◆ **Your goal**
Up to and including the line containing "Fray Juan de Ortega", set down each line of the entries below exactly, starting from the first, and leave out the rest.

[Collected data entries]
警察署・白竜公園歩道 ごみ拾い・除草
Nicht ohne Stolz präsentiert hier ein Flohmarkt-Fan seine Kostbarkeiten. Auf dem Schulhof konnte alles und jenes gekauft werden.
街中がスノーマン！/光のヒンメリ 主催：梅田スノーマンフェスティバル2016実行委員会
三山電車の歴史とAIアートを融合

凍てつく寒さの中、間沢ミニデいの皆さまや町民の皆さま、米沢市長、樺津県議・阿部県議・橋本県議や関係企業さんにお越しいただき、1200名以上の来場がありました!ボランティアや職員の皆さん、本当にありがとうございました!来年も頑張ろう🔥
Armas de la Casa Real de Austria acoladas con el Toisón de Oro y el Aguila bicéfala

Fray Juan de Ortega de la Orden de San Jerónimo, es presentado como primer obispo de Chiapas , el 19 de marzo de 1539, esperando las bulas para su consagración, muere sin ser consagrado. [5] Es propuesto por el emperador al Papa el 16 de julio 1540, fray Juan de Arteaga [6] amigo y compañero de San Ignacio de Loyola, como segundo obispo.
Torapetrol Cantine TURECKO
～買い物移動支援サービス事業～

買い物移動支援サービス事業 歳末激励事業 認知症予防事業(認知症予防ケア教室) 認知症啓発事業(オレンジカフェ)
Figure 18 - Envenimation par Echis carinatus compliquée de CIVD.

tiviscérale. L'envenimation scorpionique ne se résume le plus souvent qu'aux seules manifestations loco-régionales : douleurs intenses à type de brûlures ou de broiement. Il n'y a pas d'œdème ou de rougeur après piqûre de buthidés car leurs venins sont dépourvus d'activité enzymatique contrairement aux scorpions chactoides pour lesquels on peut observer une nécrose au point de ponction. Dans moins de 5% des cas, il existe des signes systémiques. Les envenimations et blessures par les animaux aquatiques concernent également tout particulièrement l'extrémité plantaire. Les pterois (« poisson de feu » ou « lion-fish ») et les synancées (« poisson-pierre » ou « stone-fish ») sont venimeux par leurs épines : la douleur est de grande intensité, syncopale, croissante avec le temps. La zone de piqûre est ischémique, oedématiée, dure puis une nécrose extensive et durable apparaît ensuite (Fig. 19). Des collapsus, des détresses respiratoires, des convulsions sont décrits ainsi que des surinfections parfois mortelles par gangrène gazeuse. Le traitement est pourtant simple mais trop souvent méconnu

◆ **Answer for the task**
警察署・白竜公園歩道 ごみ拾い・除草
Nicht ohne Stolz präsentiert hier ein Flohmarkt-Fan seine Kostbarkeiten. Auf dem Schulhof konnte alles und jenes gekauft werden.
街中がスノーマン！/光のヒンメリ 主催：梅田スノーマンフェスティバル2016実行委員会
三山電車の歴史とAIアートを融合

凍てつく寒さの中、間沢ミニデいの皆さまや町民の皆さま、米沢市長、樺津県議・阿部県議・橋本県議や関係企業さんにお越しいただき、1200名以上の来場がありました!ボランティアや職員の皆さん、本当にありがとうございました!来年も頑張ろう🔥
Armas de la Casa Real de Austria acoladas con el Toisón de Oro y el Aguila bicéfala

Fray Juan de Ortega de la Orden de San Jerónimo, es presentado como primer obispo de Chiapas , el 19 de marzo de 1539, esperando las bulas para su consagración, muere sin ser consagrado. [5] Es propuesto por el emperador al Papa el 16 de julio 1540, fray Juan de Arteaga [6] amigo y compañero de San Ignacio de Loyola, como segundo obispo.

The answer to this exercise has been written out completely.